International Basketball League (IBL)
- International Basketball League logo
- Sport: Basketball
- Founded: August 2004; 21 years ago
- First season: 2005
- Folded: 2014
- No. of teams: 13
- Countries: United States
- Continent: FIBA Americas (Americas)
- Last champion: Bellingham Slam (2014)
- Most titles: Bellingham Slam (4)
- Website: www.ibl.com

= International Basketball League =

Sport's league

The International Basketball League (IBL) was a semi-professional men's basketball league featuring teams from the West Coast of the United States. In 2010 the Albany Legends became the first team in the Northeastern United States to join. The IBL also sometimes featured teams from China and Japan which temporarily relocated to the United States for the IBL season. The IBL season typically ran from the end of March through July.

== History ==
Founded by Portland area sports promoter Mikal Duilio, the league featured rules designed to create a fast-paced, high-scoring brand of basketball. Duilio first began planning for the league with a series of test games in Portland and Seattle in November 2003. These games featured a mixture of traditional college and NBA rules, plus two rules created specifically for the league:

- The "Immediate Inbound" Rule: After a made basket, the referee threw the ball to a nearby player from the team which had been scored on, instead of a player throwing in the ball from under the basket, to eliminate wasted time.
- A 22-second shot clock was used instead of the NBA's 24-seconds. A defensive non-shooting foul or kicked ball reset it to 12.
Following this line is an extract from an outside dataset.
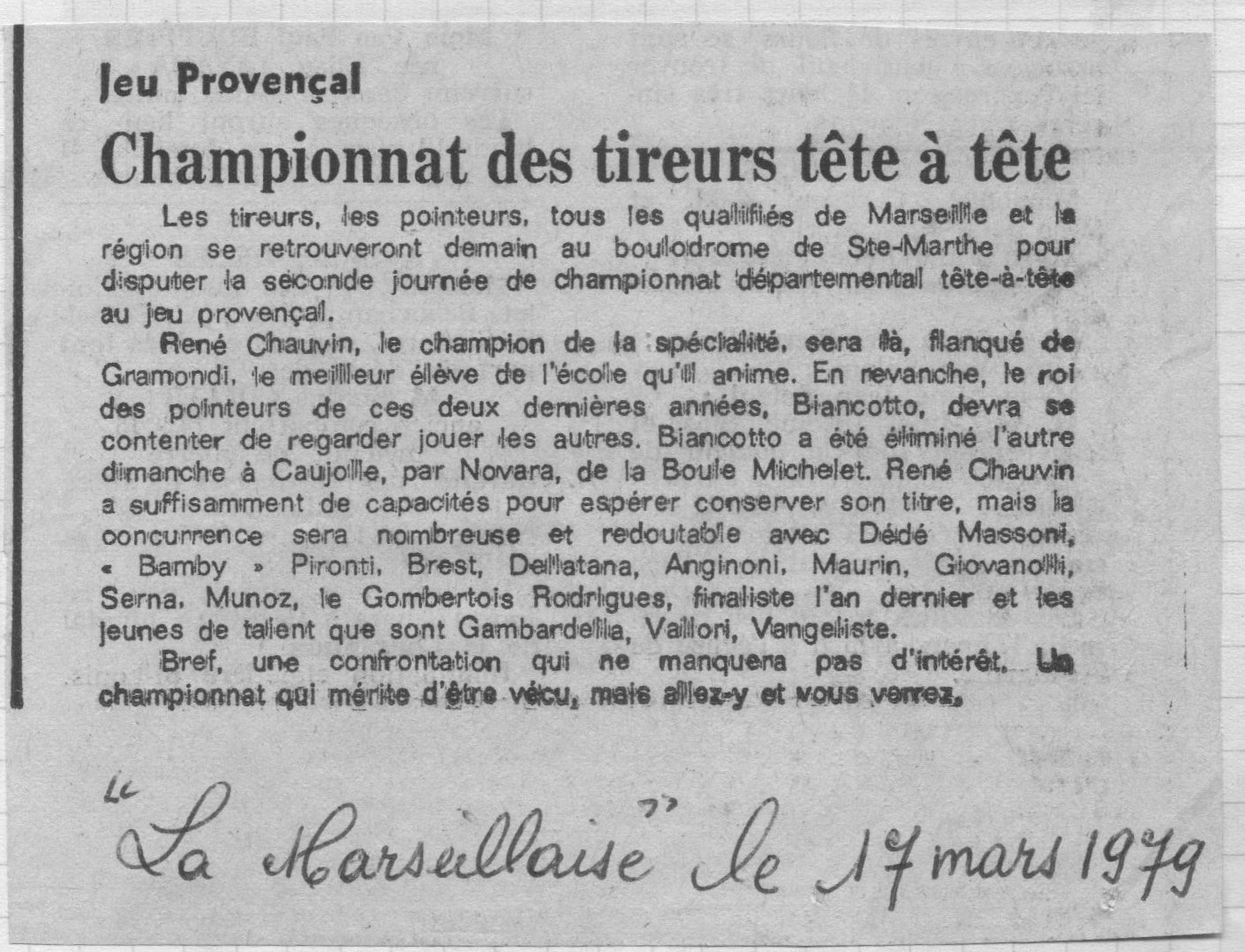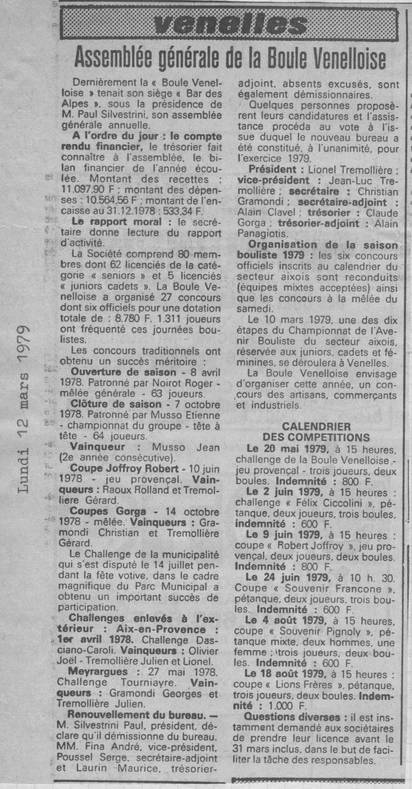 Christian Gramondi fait son entrée au conseil d'administration de la Boule Venelloise, en qualité de secrétaire. Il y effectuera un mandat de 13 ans, jusqu'en 1991 inclus.

The test games proved popular and resulted in the founding of the IBL in August 2004. Founded with eight teams, the league expanded to 17 by the start of the season in April 2005. Each team played approximately 20 regular season games, most of them centered on their home region, with the teams with the two best records playing in a championship game at the end of the season. The Battle Creek Knights won the inaugural title by going undefeated in the regular season and beating the Dayton Jets in the finals.

In the league's first year, the up-tempo rules resulted in the average team scoring 126.9 points per game, nearly 30 points more than the NBA team average in 2004–05, and slightly higher than the NBA record for points per game by a team in a single season, set by the Denver Nuggets in 1981–82.
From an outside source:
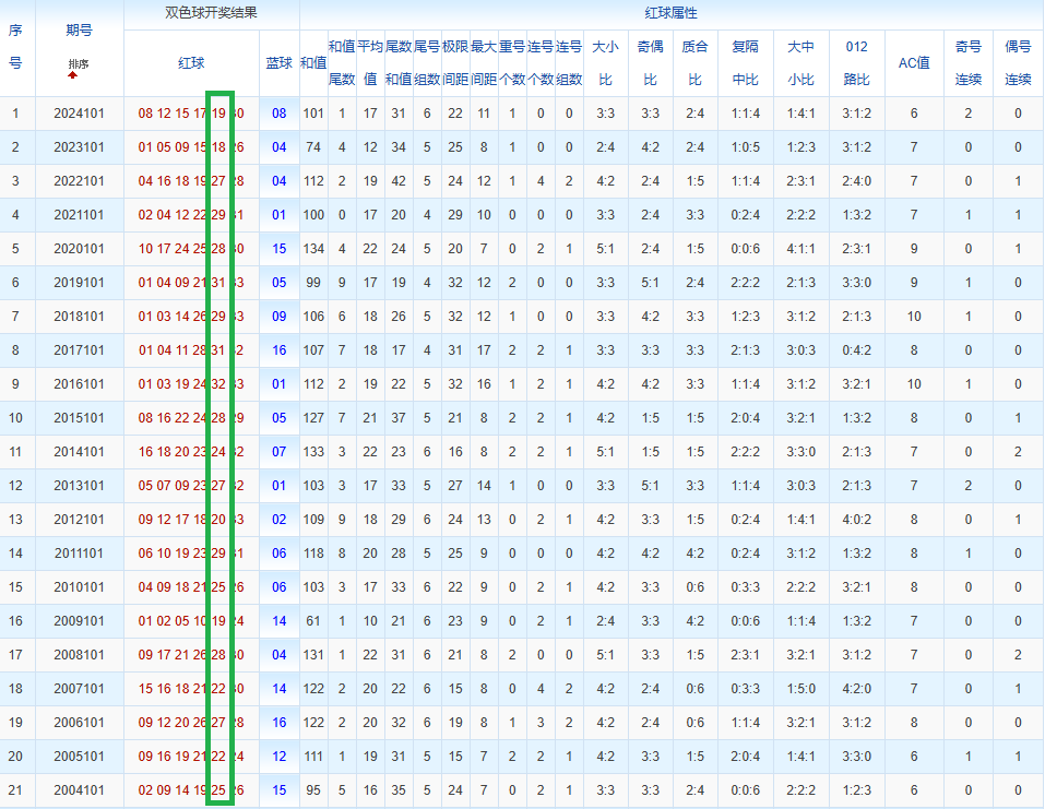 往年同期中选取出现次数靠前的数作为我们的分析对象,其数据有:09 19 28 26 24 18 01等

In 2010, the league launched a winter season which saw nine different teams compete. Four teams played an entire schedule and thus made them eligible for the playoffs.

In July 2011, Duilio sold the league to Vancouver, Washington, businessman Bryan Hunter. Sharleen Graf was appointed as the league's new commissioner.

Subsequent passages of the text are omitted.